USAID/IITA MIDAS project : small farms systems research in Ghana : terminal report (1980-82)
Sign inINTERNATIONAL INSTITUTE OF TROPICAL AGRICULTURE (IITA)
Presents final contractor report (1980-82) on a small farm systems research (SFSR) component of a project to improve small farm food production in Ghana"s Brong-Ahafo province.
1970
Abstract
The International Institute of Tropical Agriculture (IITA) team developed a 6-stage SFSR model for Ghana and completed its first two stages: selecting a target area (Atebubu) and gathering diagnostic data via a farm survey. Next, a 10-ha research farm was established (after an abortive attempt) near Atebubu Training College. Activities included testing improved maize, rice, sorghum, cowpea, and groundnut varieties (several on-farm trials were also conducted); establishing a meteorological station to record air and soil temperatures and the highly irregular rainfall patterns; conducting soil surveys and classifying the soils" agronomic suitability and fertility capability; and conducting fertility trials on yam, maize, rice, groundnuts, and cowpeas. A wealth of specific technical data on these activities is provided.

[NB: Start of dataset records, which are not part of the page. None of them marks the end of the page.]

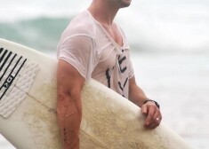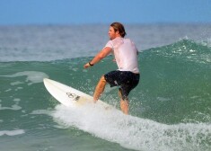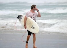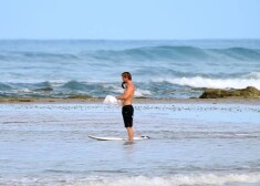 Kriss Hemsvorts sērfo Kostarikā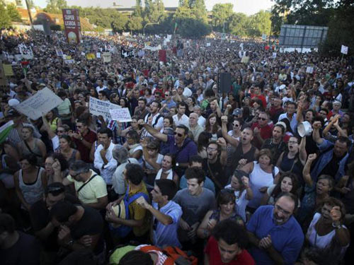 Puluhan ribu orang dari semua penjuru negeri Spanyol selama tiga hari ini telah berkumpul di ibu kota Madrid untuk mengikuti demonstrasi besar yang bertujuan memprotes langkah-langkah ekonomi keras yang diterakan pinggang dari pemerintah negara ini. Demonstrasi itu diimbau oleh Persekutuan “Konferensi Tingkat Tinggi Sosial” yang terdiri dari ratusan asosiasi sosial. Sebagian besar demonstan adalah pegawai negeri, mereka memprotes penaikan pajak dan penurunan biaya untuk jasa sosial. Para demonstran telah menjunjung tinggi slogan yang antara lain mengatakan bahwa pemerintah Spanyol sedang melaksanakan kebijakan untuk kepentingan semua pasar keuangan internasional, Uni Eropa dan Dana Moneter Internasional (IMF), tapi tidak demi kepentingan rakyat Spanyol. Demonstransi itu meledak ketika pemerintah negara ini menyatakan akan mengajukan reformasi- reformasi ekonomi baru pada akhir bulan ini, menurutnya akan memperkuat langkah-langkah memperketat pinggang, memangkas pengeluaran biaya sebanyak kira-kira USD 125 miliar dalam waktu selama tiga tahun. Sebagai gantinya, Madrid akan menerima USD 36 miliar pertama pada bulan ini juga dari paket talengan senilai USD 122 miliar dari IMF dan semua institusi keuangan Eropa untuk membantu semua bank negara ini menghadapi utang-utang bermasalah akibat pengaruh dari gelembung real estate dan prosentasi pengangguran yang mencapai kira-kira 25 persen. Sedangkan di Portugal, demonstrasi juga meledak di ibu kota Lisabon dan banyak kota yang lain dengan partisipasi dari seratus ribu orang, bahkan telah berubah terjadi bentrokan antara kaum demonstran dan pasukan keamanan di luar Gedung Parlemen. Kantor IMF juga menjadi sasaran serangan dari kaum demonstran. Penyebab-nya yalah untuk bisa menerima talangan senilai USD 110 miliar, pemerintah negara ini harus menerapkan kebijakan memperketat pinggang, menurutnya kaum pekerja harus membayar lebih banyak uang untuk jasa- jasa pengaman sosial.
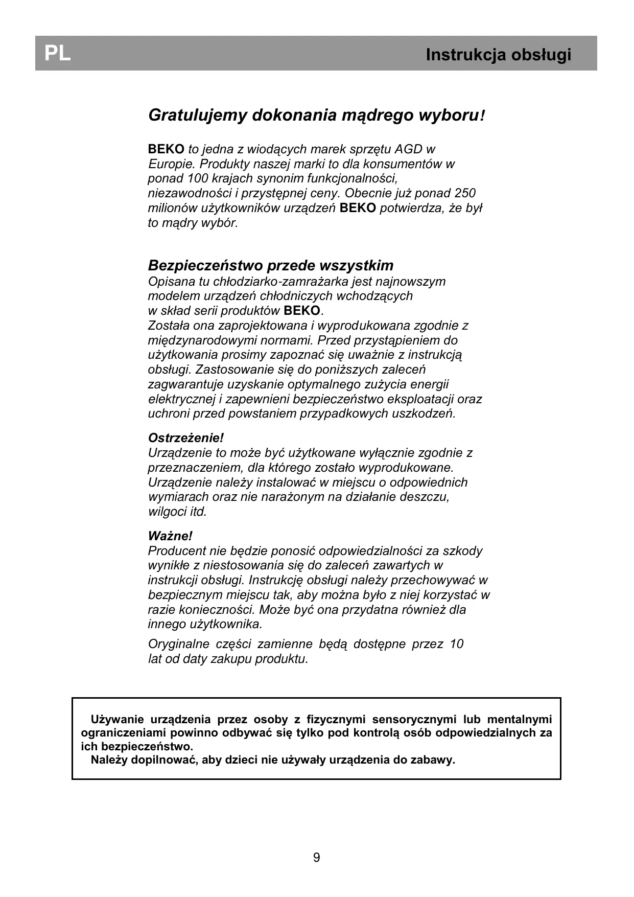 Uzywanie urzadzenia przyez osoby z fizycznych sensorycznych lub mentalnyi ograniczeniami powinno odbywać są tylko pod kontrolaość odśob odpowiedzialnych za ich bezpieczność.

Unfortunately, the project"s premature termination made it inadvisable to develop packages of recommendations for farmer use, and the failure of the University of Science and Technology at Masi to assign counterparts, together with the lack of progress in training local staff (who had to endure poor service conditions) threaten the continuance of SFSR efforts after the project ceases. Other problems included lack of support staff and of infrastructure and inputs at the research site and the project"s brevity and uncertain continuation. Specific recommendations include staggering crop planting (especially of cereals); identifying suitable maize and rice varieties and alternative cowpea cultivation methods; maintaining soils by using local fertilizers, alternating agroforestry with shifting cultivation, rotating legumes with cereals, abolishing the exploitative land tenure system, planting fallows, and intensively exploiting valley bottom soils; improving production by further testing of varieties (specific strains are recommended) and of previous findings on the relation of yam mound size to mound population density; and conducting herbicide control studies. A schema for model FSR projects in Ghana concludes the report.